Chinese artist (1585–1668)

Fang Weiyi (1585-1668, 方維儀), was a Chinese poet, calligrapher, painter and literature historian.

==Biography==
Fang Weiyi was the daughter of the landowner and aristocrat courtier Fang Dahzen (d. 1629). Her sister Fang Mengshi, and her female cousin Fang Weize, were also to be known as poets. At age seventeen, she married Yao Sunqi (d. 1602) and had a daughter, but within the year, both her husband and daughter died. She returned to her family, where she assisted her sister-in-law in raising her nephew, the philosopher Fang Yizhi (d. 1671). Afterwards, both she and her sister, who had also been widowed, lived together in their parents' home, and some of their poems reflect these experiences of widowhood, such as in Fang Weiyi's poem "Sorrows of the Heart".

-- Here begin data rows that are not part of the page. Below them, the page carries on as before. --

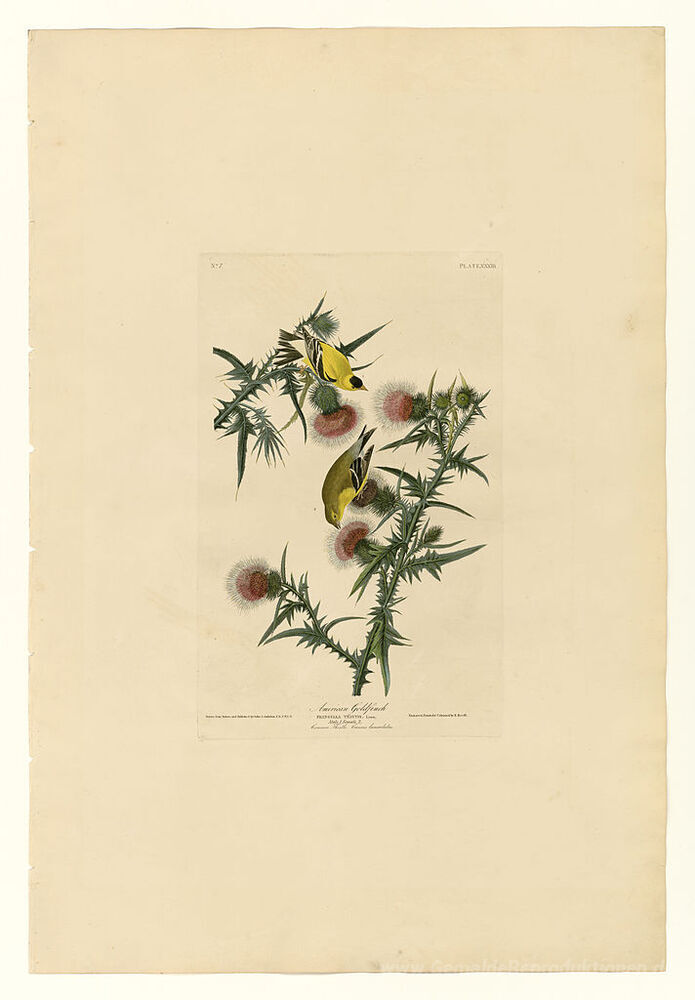 Wir bieten Ihnen eine handgefertigte Reproduktion auf Leinwand des berühmten Kunstwerks 'Platte 33 American Goldfinch' von John James Audubon, aus dem Reproduktionsmuseum.
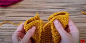 - Once you’ve reached the desired width, fasten off the yarn and weave in any loose ends using a tapestry needle.
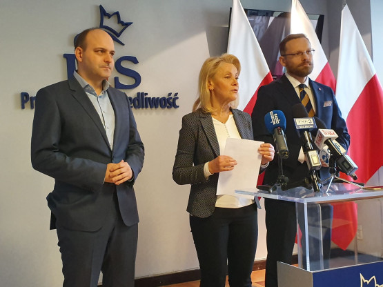 Politycy Prawa i Sprawiedliwości na piątkowej konferencji prasowej odnieśli się do apelu marszałka województwa o dofinansowanie no...
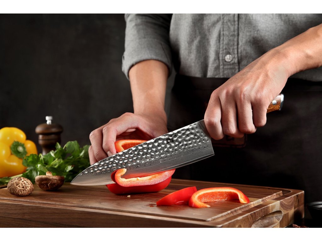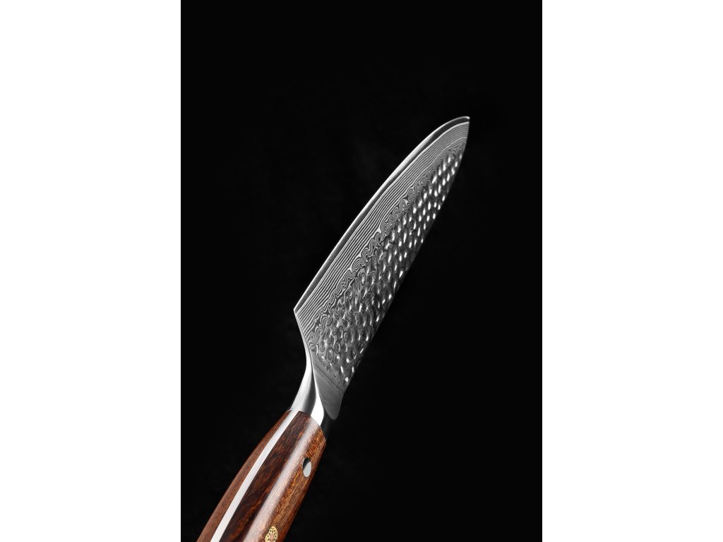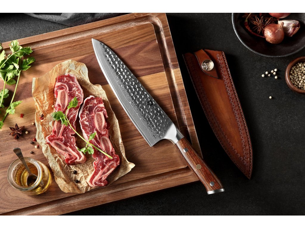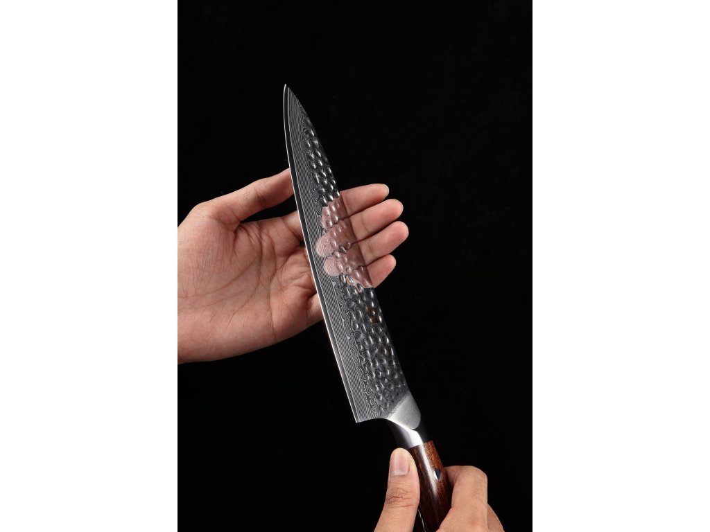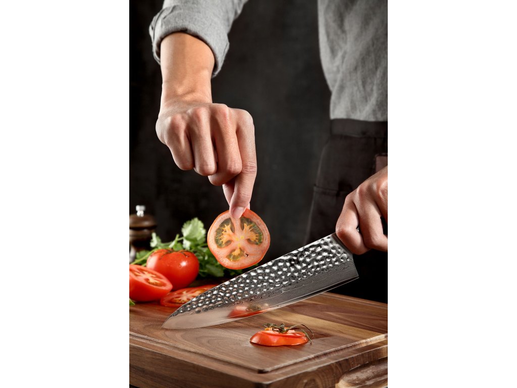 Dieses Chefmesser ist aus hochwertigem Damaszener Stahl gefertigt, der für die Herstellung der besten Messer verwendet wird. Die Messerklinge mit einer Härte von 60±2 Rockwell besteht aus 67 Lagen. Hochwertiger Stahl in einer Kombination von traditioneller Herstellung garantiert eine lange Lebensdauer des Messers. Die Oberfläche des Messers bietet beim Schneiden Komfort, ohne dass es reibt oder dass die Zutaten an die Klinge pappen. Der Griff des Messers ist aus IronWood gefertigt, das aus den Wüstenregionen Nordamerikas gewonnen wird. Es zeichnet sich durch hohe Härte und Stabilität aus. Dank seiner perfekten Form und Länge wird das Schneiden zum Vergnügen und außerdem liegt das Messer gut in der Hand. Aufgrund des natürlichen Griff-Designs kann die Farbe und das Design leicht von den Produktbildern abweichen, da der Griff aus einem anderen Holzstück gefertigt wurde oder da das Alter des Holzes unterschiedlich ist. Der Farbton des Musters auf der Klinge kann unterschiedlich sein, da jedes Messer durch das Stahlschichten einzigartig ist.

She was a skilled calligrapher, and known as a landscape painter. As a poet, she was known for her mastery of all forms, which she used to describe the contemporary political and social instability, as well as more personal subjects of sorrow and loss.

She published three anthologies of literature focused on female writers; her works included the Gonggui-shishi (History of Poetry in Palace and Boudoir). She also published a work about women's role in Confucianism. She and her sister were long referred to as ideal Confucian women role models by Confucians. This was however somewhat of a paradox, as the Confucian female ideal was a woman who did not, participate in public debate, but restricted themselves to the domestic sphere - very unlike Fang Weiyi's character.